The first law to expand will be the hardest, because it will require Congress to act. Since 1968, a felony conviction bars you from obtaining a gun, unless you petition to have your rights restored. This law should to be broadened to include all violent misdemeanors, crimes of harassment and all forms of domestic violence — all of which is actual behavior that tends to indicate a predisposition toward future violence. That data, which is collected by states, also needs to be instantly available to the FBI, which maintains the database that federally licensed firearms dealers use for background checks. As things stand, it isn’t, nor are there procedures in place to confiscate firearms from people who later have restraining orders taken out against them or are convicted of domestic violence.

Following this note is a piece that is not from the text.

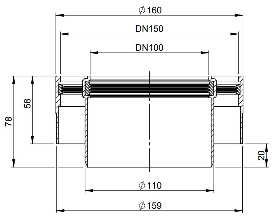 Durchmesser Anschluss 1 110/160 mm

Also, many violent crimes are charged as misdemeanors at the state level. The overarching standard should be clear: The nature of the crime itself, and not how it was charged, should determine whether society will trust you with a weapon. If you’ve been convicted of doing something violent, or something that is often the precursor to violence, then you should not be able to buy a gun.
The National Rifle Association’s rejoinder to proposals like these has always been a nonsequitur, claiming the prohibition is too broad and would sweep in many people who would never commit violence with a gun. But anyone swept up in this dragnet could petition their state or local police authorities for an exception. The police would be on the hook, here, but arguably, it’s in their interest to over-deny petitions, rather than to overindulge in lax standards.
Unfortunately, there is little evidence that other approaches currently under consideration would be effective. States and cities with the tightest laws still have unbearable levels of violent gun crime. In California, an average of eight people were killed each day in 2019 — and tightening laws seems to increase the anxiety of lawful gun owners, who buy more guns whenever laws affecting them are tightened.
Reducing the gun deaths in this country depends on reducing the number of guns in particular people’s hands. Steps to keep deadly weapons out of the hands of people convicted of violent crimes — be they felony or misdemeanor — has to be the overriding priority. States might have to build new procedures into their background checks, but on the whole these proposals are tweaks to current law — tweaks that could save thousands of lives.